Part of the problem with the traditional non-Limited Edition regular Flake is that it's the chocolate bar equivalent of Weetabix. It's impossible to open without spilling crumbs everywhere. With Weetabix, as with Flake, you'd think they'd have done something about it by now, but if they tried they'd probably have the Mail and the Express pishing their festering pants in moral indignation, claiming that it was the work of Satan (i.e. Brussels). So, has the half-enrobed Flake Allure eliminated this problem?


Well…. it's half eliminated the problem. In fact, to get down to minutiae, technically the Flake Allure isn't half-enrobed, it's three quarters enrobed. Perhaps they were going for juxtaposition. Perhaps actual half-enrobing was technically difficult, but to term the bar three quarters enrobed was too clumsy from a marketing perspective. The end result is that, as I sit here, I've got quarter the amount of chocolate crumbs on my computer keyboard than I would have done if I'd just unwrapped a Flake.


Why did they three-quarter enrobe the Flake, rather than fully enrobe it? Who the fuck knows?
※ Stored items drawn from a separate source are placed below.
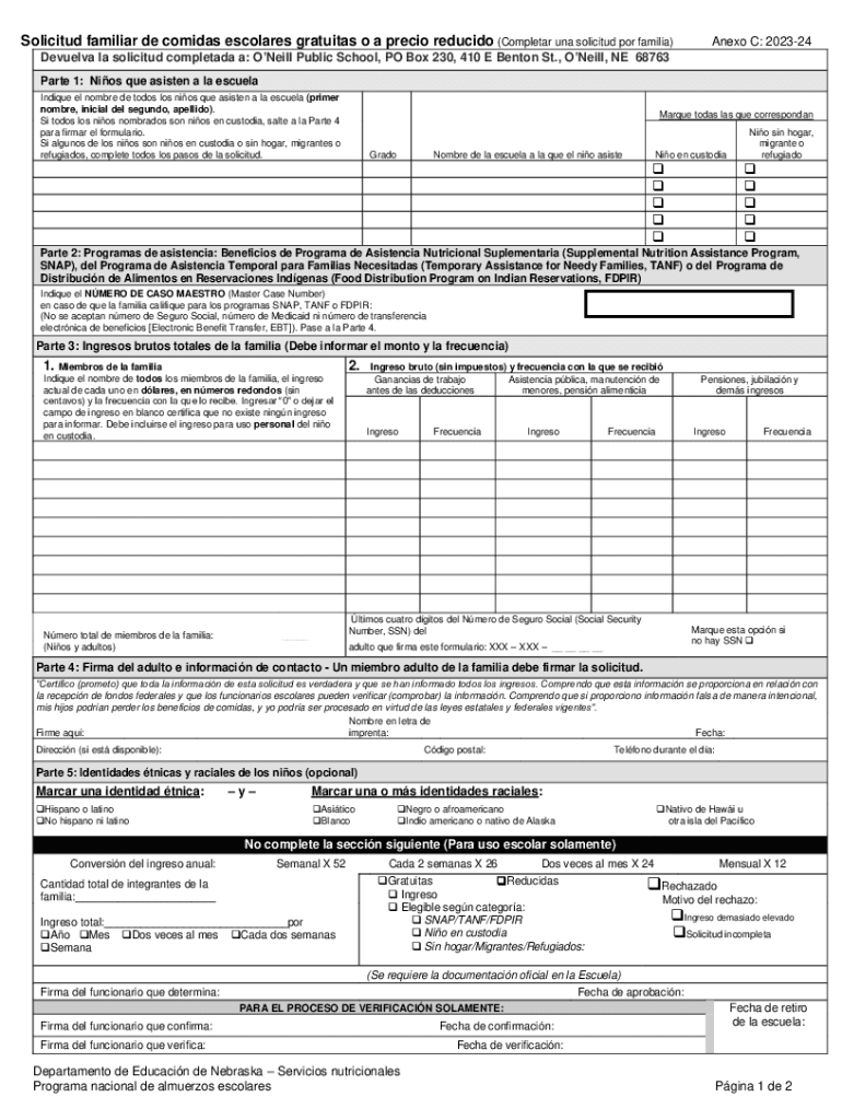 Solicited familiar DE comics escolars gratuitous o a précis reduced (Completer RNA solicited POR familiar)Next C: 202324Devuelva la solicited completed a: O'Neill Public School, PO Box 230, 410 E
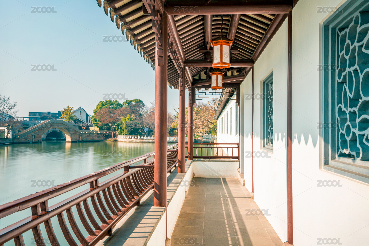 晴天的蘇州江南園林水鄉(xiāng)建筑風(fēng)光
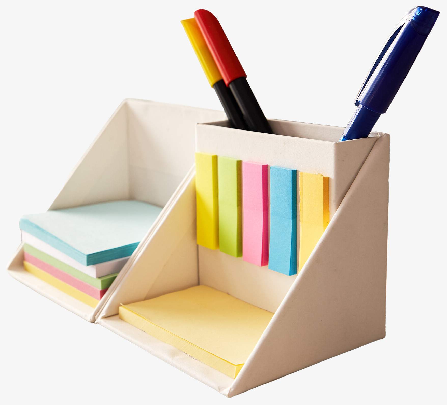 Zestaw biurowy w kształcie kostki zawiera ołówek, notes 250 kartek oraz 180 kolorowych karteczek samoprzylepnych. Zestaw obejmuje elementy niezbędne do użytku w biurze lub w domu.
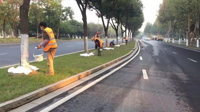 公司嚴格要求刷白“精細化”養(yǎng)護標準,首先根據(jù)喬木、花卉類樹木的特性,區(qū)別了刷白高度;其次,在刷白時采取了墊襯措施,確保地面和地被植物干凈美觀;最后,按照止口平整,高度一致,刷白均勻,不留死角的要求,在城區(qū)多主干道和公園同時開展刷白工作。

Maybe it's because that would have made it a Twirl.


You're wondering what it tastes like. I don't know. Why don't you eat the one that's just spilled crumbs all over your keyboard, you're thinking. I can't. I had it sitting there in front of me, while I wrote about it, and I was on the point of getting to the part where I describe that it tastes like a bar of chocolate, when my wife walked past. And that was the end of the chocolate.
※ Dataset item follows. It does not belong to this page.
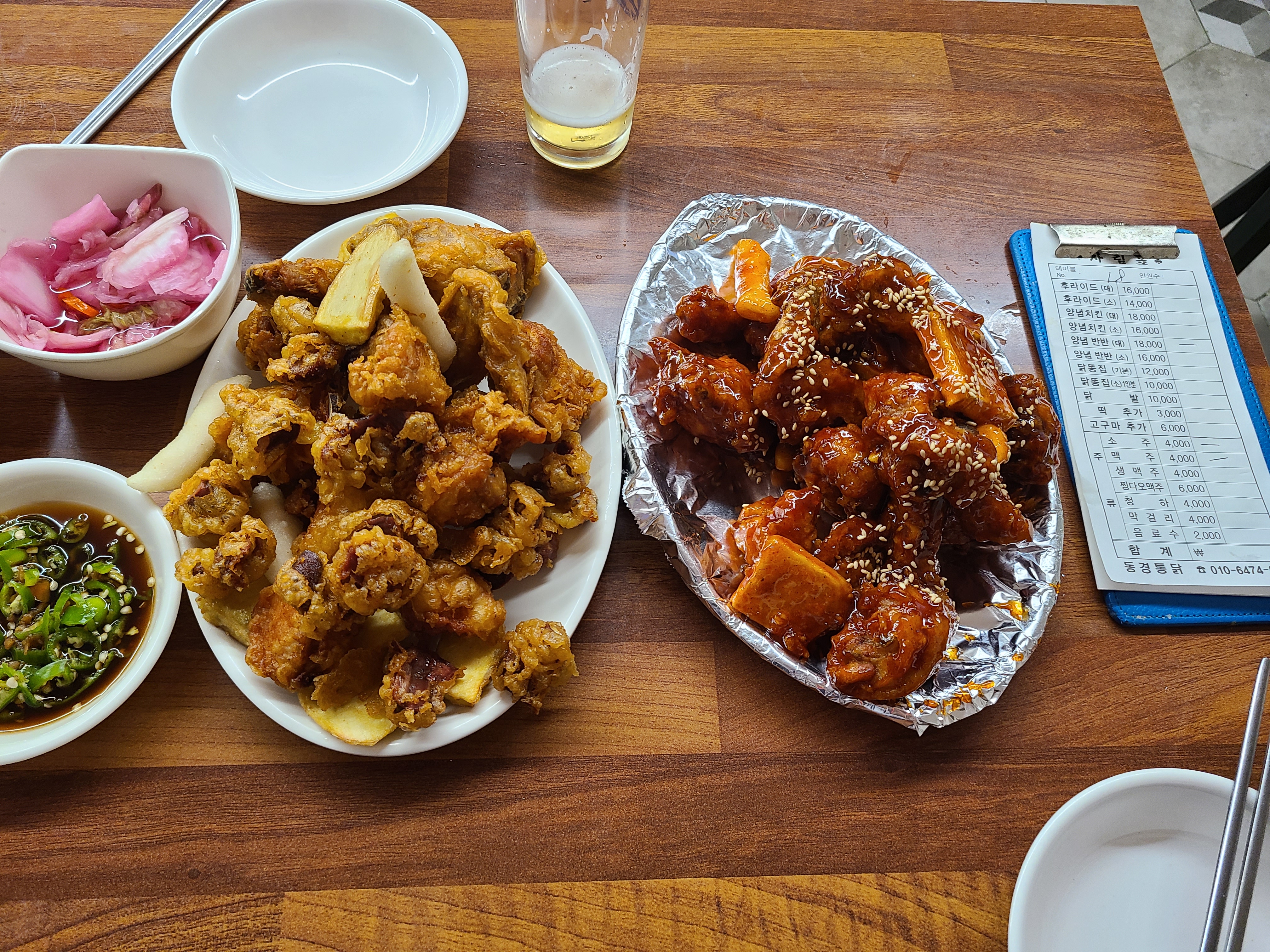 - 메뉴: 후라이드, 양념치킨, 닭똥집, 닭발

It was so fast that I didn't actually see the Limited Edition bar of chocolate move, but now it's gone and she's sitting next door with crumbs all round her face.


If a kid ever asks you the definition of the word disingenuous, show them a limited edition bar of chocolate, packet of crisps or bottle of shampoo. The marketing people all learned the lesson of New Coke. If you bring out an exciting new product and no one wants it, you look stupid, your company looks stupid, your competitors rake in the benefits and the shit hits the fan. Much better to bring out a new product as a Limited Edition. If it bombs, it fits easily back into the can; if they sell out their Limited Edition product…. well then all they have to withdraw is the term Limited Edition, if they even do that.


Well, big business, this is what you get for your greed and avarice and multinational conglomerate gang rape of Planet Earth; the food we eat, the water we drink and the air we breathe are all Limited Edition, and we're all going to die.


Think I'll go and get that pain au raisin now. The Chocolate Fiend in the other room doesn't like 'em.